Technology, Small Cap Shares Lead in Volatile End to Volatile Week

The markets started the session looking like they might end it with hard landing. But, as we’ve seen during these volatile days of trading, what happens early on doesn’t always stick.

4 min read

(Friday Market Close) The tariff retorts reverberated Friday throughout the markets, which were subject to another rocky session. Deep dips early in the day gave way to a late upturn as some traders appeared to step back from risk ahead of the weekend.

Much of the volatility appeared to be tied to President Trump’s tough talk about tariffs on steel and aluminum. He introduced the notion of imposing double-digit tariffs on imports and appeared to double-down on it with early-morning tweets, according to market watchers. That might have been one of the things that led the downturn, but things appeared to calm down as the day proceeded.

Some analysts and big business were commenting continuously throughout the day, as was the saber-rattling by countries that could get hit with tariffs, all possibly lending strength to the volatility and then the calm. The pros and cons on tariffs look to be all over the board and it’s still unclear if any tariffs will be implemented. It might be wise for investors to avoid any quick actions. Something investors might want to consider is that President Trump has in the past turned more pragmatic in his approach on some issues. Tariff negotiations may proceed in a similar vein.  

Also, traders might have wanted to take some risk off the table ahead of elections to choose a government in Italy on Sunday. What many investors learned in the aftermath of the Brexit vote was that elections in Europe— particularly ones clouded with uncertainty— tend to give rise to volatility, much of it short-lived.

By the time the session had ended, the Dow Jones Industrials ($DJI) had given up  more than 1,100 points in the last three days.
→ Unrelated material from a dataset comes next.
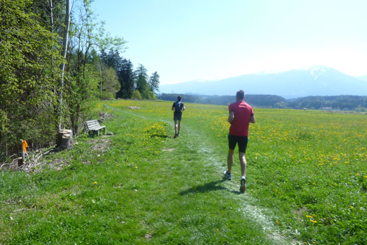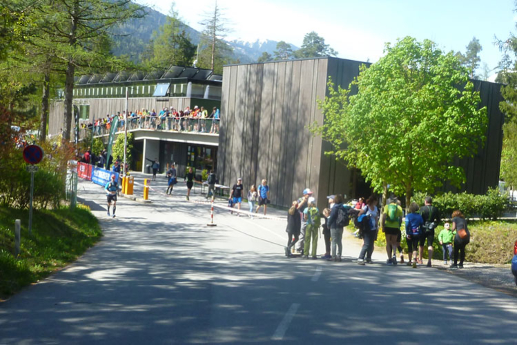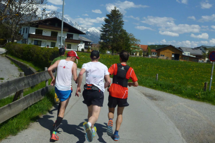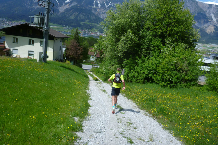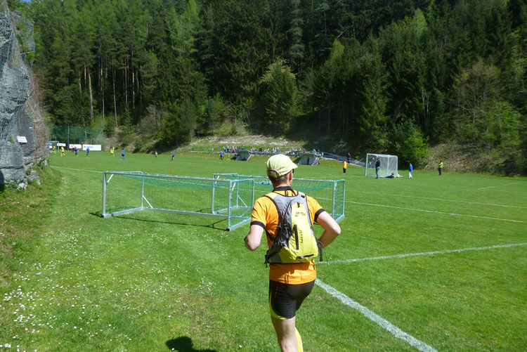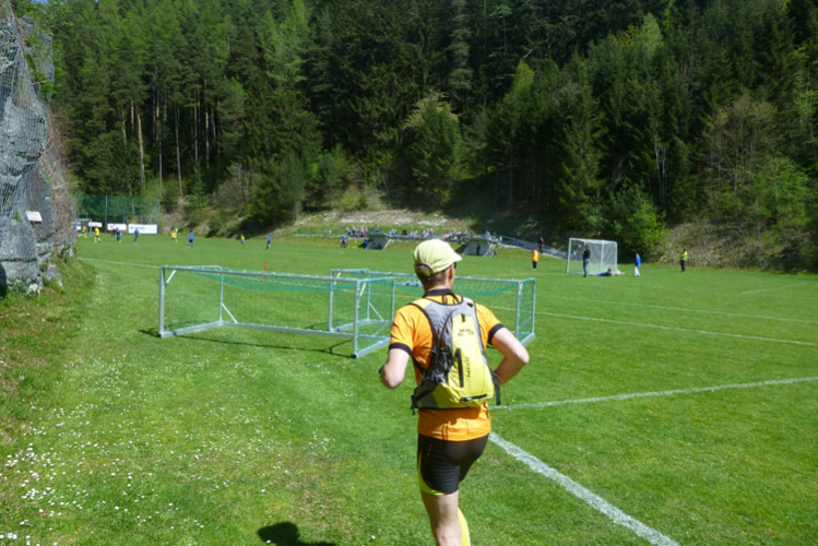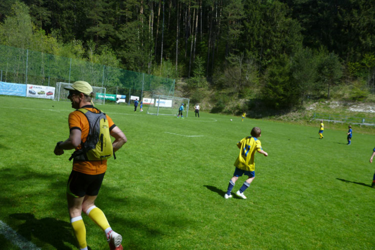 Kurz vor dem Fairways des Golfclub Innsbruck-Igls werde ich vom Führenden des K42 überholt. Dann geht’s wieder, meist in offenem Geländer, runter vom Berg. Ab Aldrans füllt sich dann auch endlich wieder unsere Laufstrecke, die schnellen Marathonis werden mehr und mehr. Nach dem Ortsdurchlauf geht’s an der Seitenlinie, oder auch mal etwas im Spielfeld wegen Platzmangel durch das Jugendspiel des SV Aldrans. Finde ich witzig. Am Ortseingang von Ampass stehen 42 km auf dem Tacho.

Friday’s pullback was down almost 400 points in the early going, but the Dow looked like it was moving aggressively off its lows at about the same time the markets closed in Europe, early afternoon in New York.
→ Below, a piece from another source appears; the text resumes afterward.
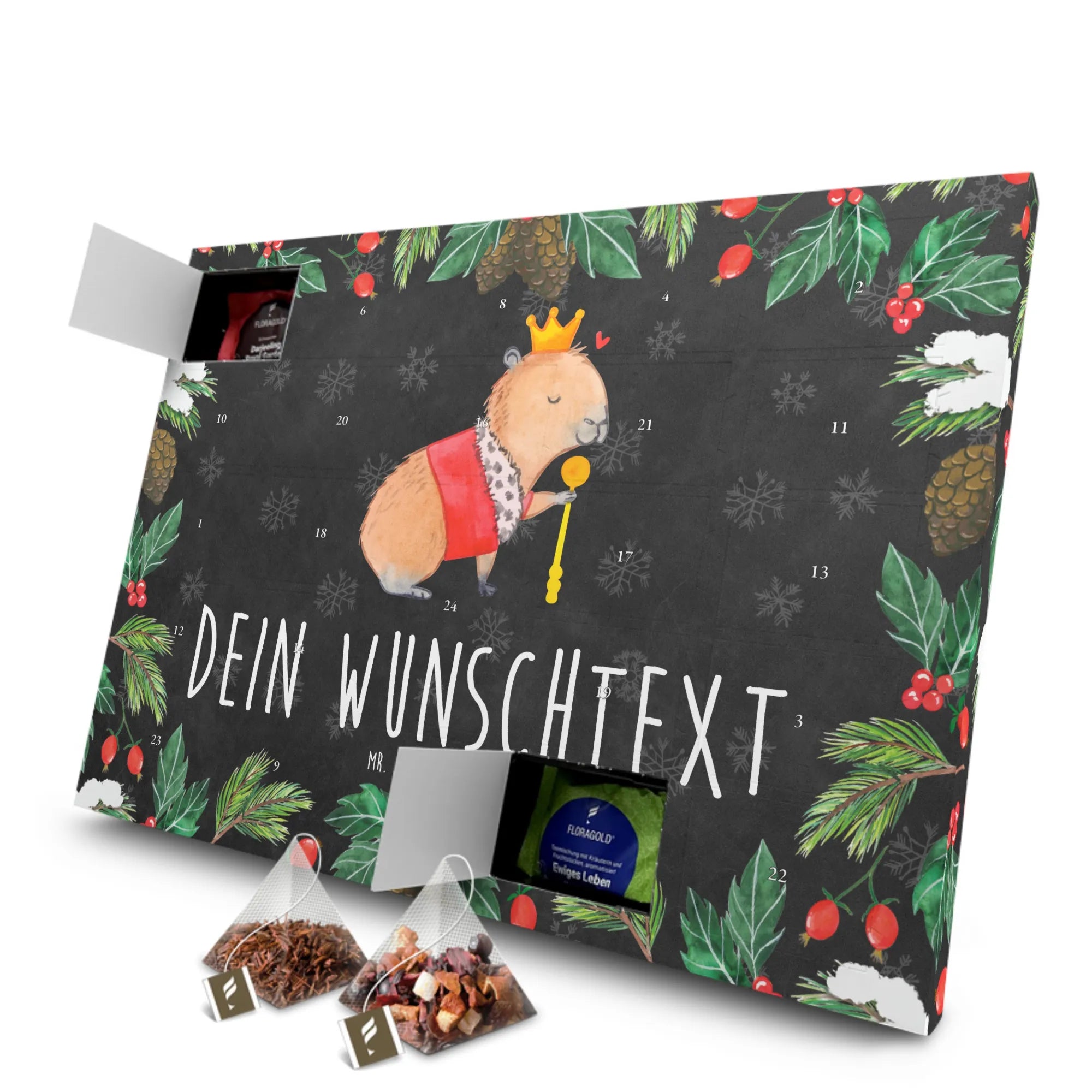 Mach dir selbst oder anderen eine Freude und hol dir diesen fantastischen personalisierten Tee Adventskalender "Capybara König" nach Hause – der perfekte Begleiter für die besinnliche Zeit des Jahres!
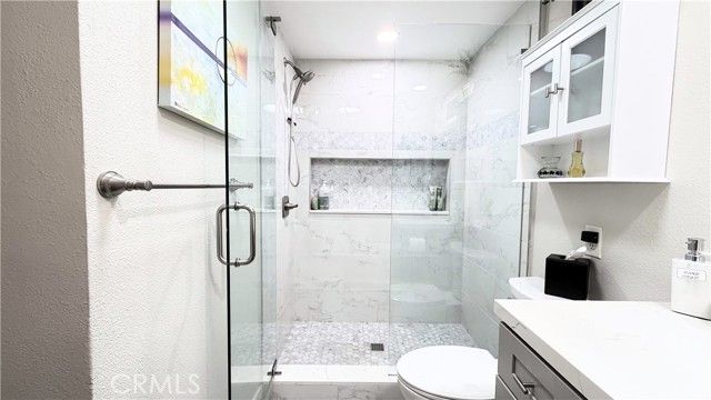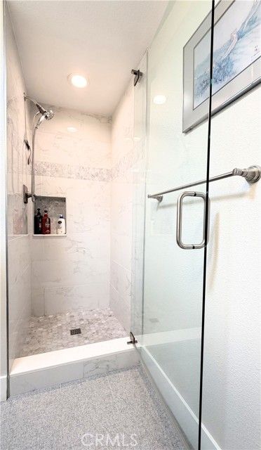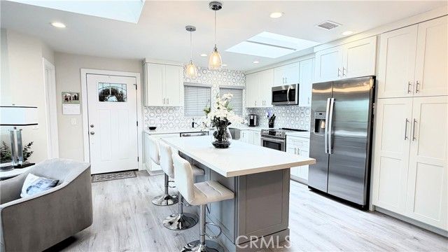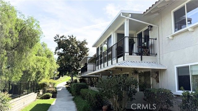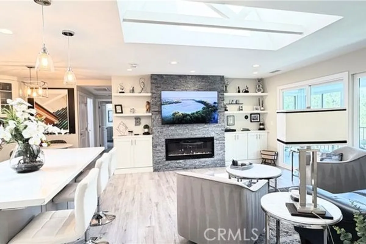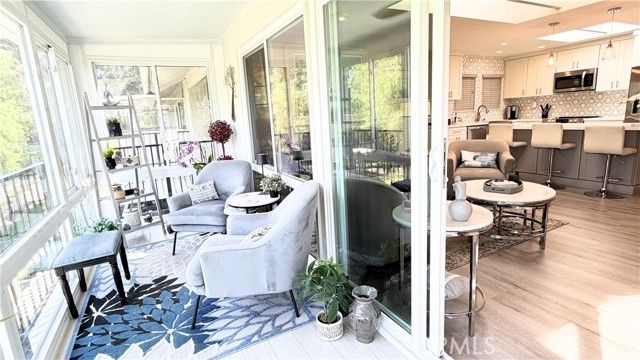 SOPHISTICATED MODERNIZED PRIVATE END-UNIT WITH A VIEW, offering the rare advantage of NO STAIRS AND NO ONE ABOVE, is situated in Laguna Woods, South Orange County’s most coveted 55+ community. NO EXPENSE WAS SPARED in this elegant transformation of the popular “Casa Del Mar” floor plan. This premier residence features seamless accessibility, private in-home laundry, and the convenience of covered carport. Nestled in the highly sought-after Phase 3 behind Gate 7, this condo provides a quiet sanctuary within walking distance to local shopping, dining, tennis, and golf, and is fully equipped with central air conditioning and heating. The interior is bathed in natural light, courtesy of dual skylights and solar tubes that create a bright, airy ambiance throughout. This modern residence showcases designer waterproof flooring and high-end porcelain tile in both bathrooms. The gourmet kitchen with professional-grade quartz counters complemented by a walk-in shelved pantry for ultimate storage , plus premium stainless steel appliances, and custom modern cabinetry. The living room serves as a striking focal point, featuring a custom built-in entertainment center with an integrated electric fireplace, architectural shelving, and professional pre-wiring for a seamless media experience. The primary suite is a true retreat, offering an expansive walk-in closet and a spa-inspired bathroom with a large executive shower. Beyond the abundant recessed lighting and refined finishes, the home extends to a private, enclosed patio with elegant porcelain tiling overlooking the tennis club. This is a rare opportunity to own a high-end, turnkey remodel in the community’s most premier and convenient location. Laguna Woods Village is a guard-gated, 55+ private golf resort-style community offering an unparalleled lifestyle, where you can enjoy championship golf courses, tennis, resort-style pools, state-of-the-art fitness centers, and an exceptional array of social clubs (200+) and cultural amenities. It is ideally located just minutes from the iconic shores of Laguna Beach.

By the closing bell, the Dow’s pullback was only about 0.30% while the S&P 500 (SPX) reversed its early-morning course to finish on the upside by about 0.50% and the Nasdaq (COMP) settled solidly higher by better than 1%. In an unusual aside, all 11 sectors of the SPX finished lower on the week— something that did not happen even once all of 2017.

The selloff appeared to boost small-cap equities, helping to give a rise to the Russell 2000 (RUT), which ended the day with about a 1.7% gain, pushing it nearly 2% higher since early Thursday. (See figure 1 below).
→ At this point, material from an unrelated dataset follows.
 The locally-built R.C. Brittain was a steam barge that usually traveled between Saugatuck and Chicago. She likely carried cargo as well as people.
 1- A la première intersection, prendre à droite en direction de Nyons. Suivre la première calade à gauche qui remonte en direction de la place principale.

Meanwhile, bonds sold off on Friday, pushing up yields (they move in opposite directions) on Treasury notes. The 10-year yield climbed by about five basis points to 2.86% while the two-year added about three basis points to 2.24%.

Wall Street’s worry measure, the Volatility Index (VIX), was all over the board this week as well. It started off Friday  sharply higher, nearly bumping 26, before also settling down on the session to finish the week below 20.

Among advancers, the so-called FAANG stocks (Facebook, Apple, Amazon, Netflix and Google parent Alphabet) ended higher with Netflix (NFLX) up nearly 7%  to push its market capitalization to $130.6 billion, blowing past General Electric’s (GE) $122.6 billion. GE finished Friday’s session marginally higher but was down nearly 2% on the week.

Next week’s economic and earnings calendars don’t look as jammed as they were this week. It’s not likely this tariff talk is going to go away anytime soon; investors might want to take a steady approach to trading ahead. 

RUT vs. SPX, 3-2-18


Though the afternoon turnaround was the big story of the day, another item of interest was the strength of the Russell 2000 Index (RUT), plotted here vs. the S&P 500 (SPX - purple line). Data source: FTSE Russell Indexes, S&P Dow Jones Indices. Chart source: The thinkorswim® platform from TD Ameritrade. For illustrative purposes only. Past performance does not guarantee future results.